## Exercise description
Extract exactly and only the lines from the one containing "冷推薦: John Nash 的研究所入學推薦信上面只寫了一句話…" through the end of the entries below. Pictures should not appear in the copy.

## Extracted entries
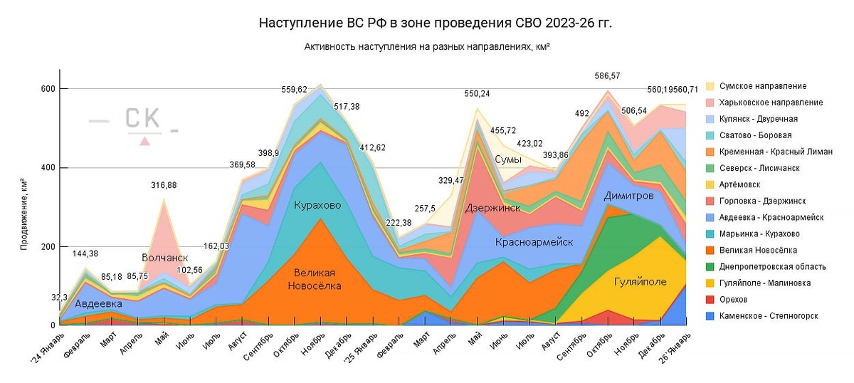 Инфографика интенсивности наступления ВС РФ в зоне СВО на различных направлениях к февралю 2026.
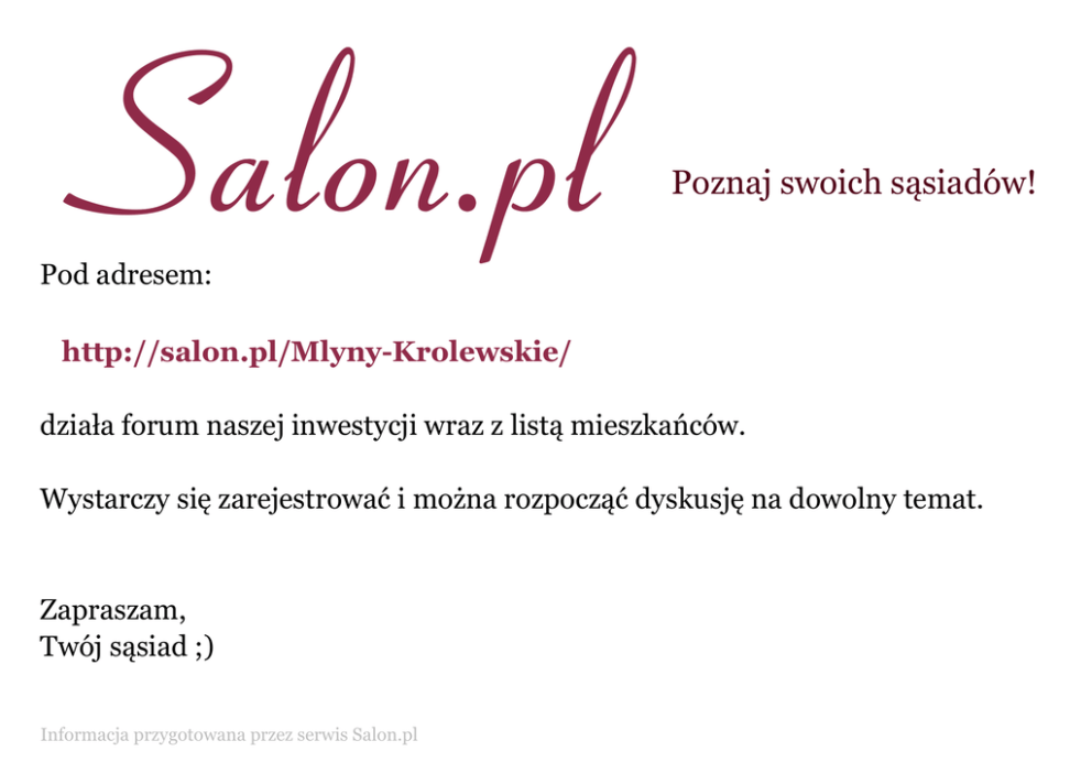 Salon.pl Poznaj swoich sąsiadów! Pod adresem: http://salon.pl/Mlyny-Krolewskie/ działa forum naszej inwestycji wraz z listą mieszkańców. Wystarczy się zarejestrować i można rozpocząć dyskusję na dowolny temat. Zapraszam, Twój sąsiad ;) Informacja przygotowana przez serwis Salon.pl
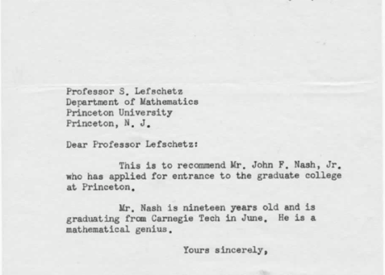 冷推薦: John Nash 的研究所入學推薦信上面只寫了一句話…
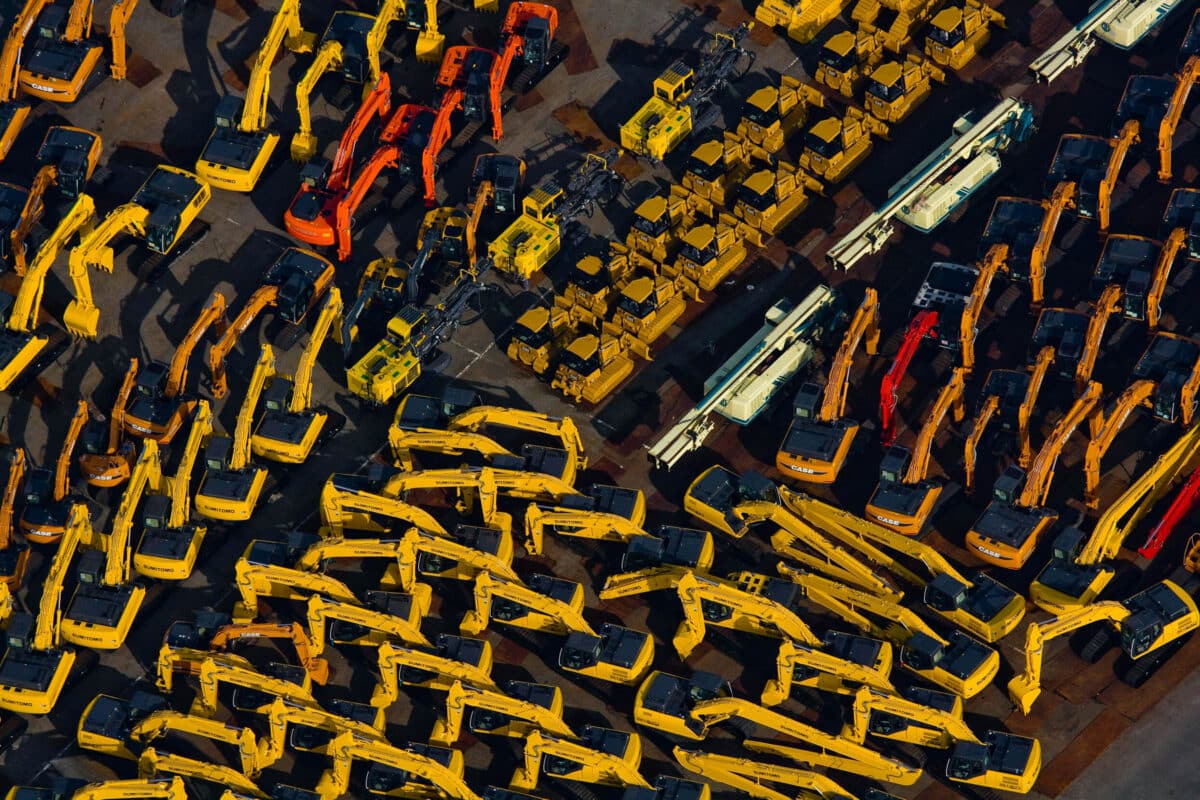 Stockage de pelleteuses dans le port de Yokohama, Kanagawa, île de Honshū, Japon (35°28'12.29""N - 139°39'9.95""E) ©Yann Artus-Bertrand
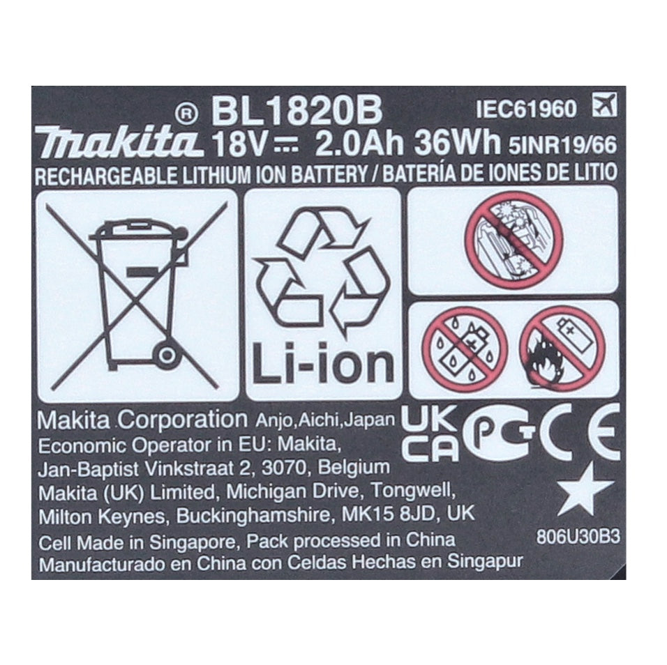 - 1x Makita BL 1820 B Batterie Li-Ion avec témoin de charge LED 18 V - 2 Ah / 2000 mAh (197254-9)
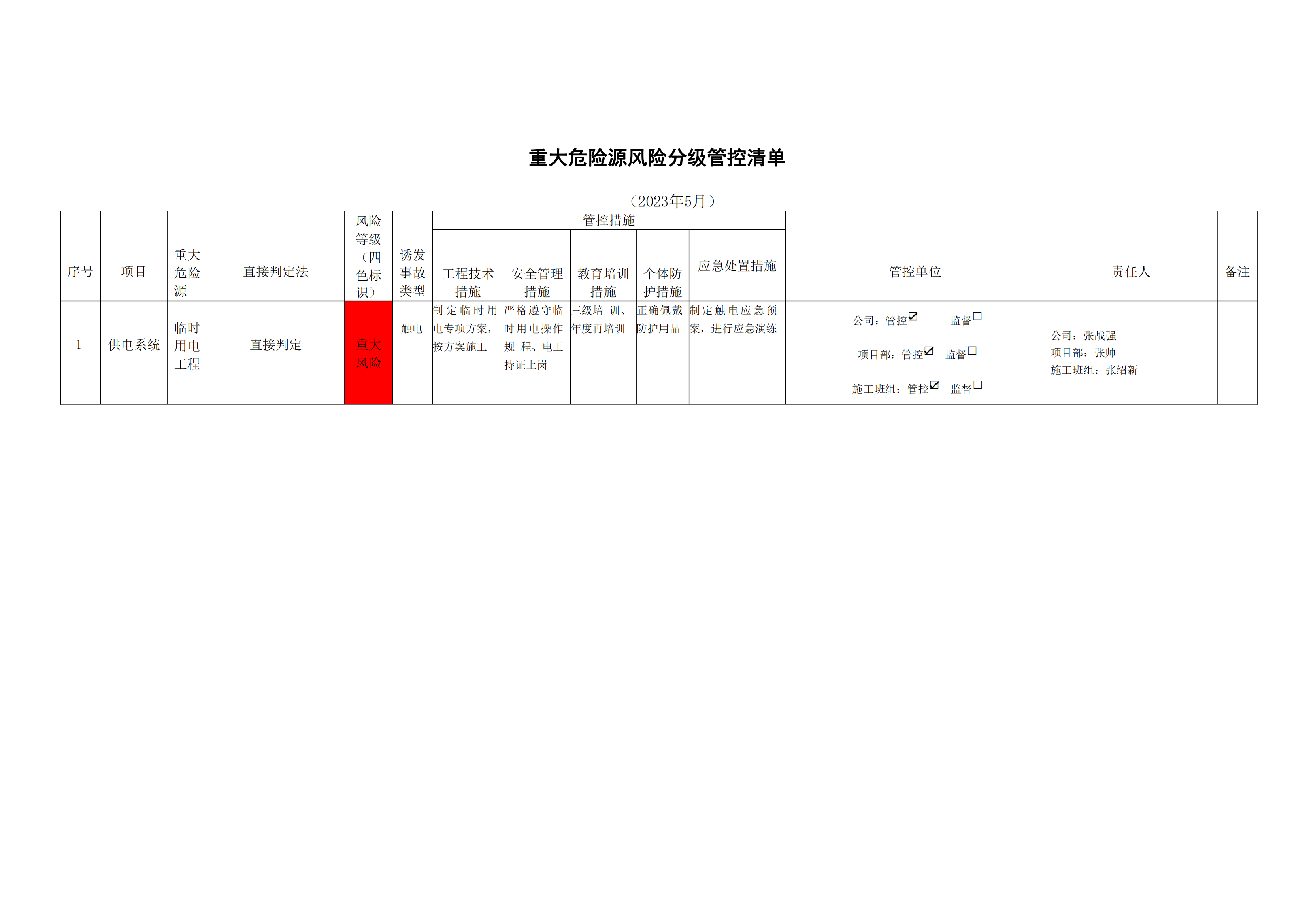 洛寧縣洛河生態(tài)治理三期危險源風險分級管控清單(4月)

## Solved exercise
 冷推薦: John Nash 的研究所入學推薦信上面只寫了一句話…
 Stockage de pelleteuses dans le port de Yokohama, Kanagawa, île de Honshū, Japon (35°28'12.29""N - 139°39'9.95""E) ©Yann Artus-Bertrand
 - 1x Makita BL 1820 B Batterie Li-Ion avec témoin de charge LED 18 V - 2 Ah / 2000 mAh (197254-9)
 洛寧縣洛河生態(tài)治理三期危險源風險分級管控清單(4月)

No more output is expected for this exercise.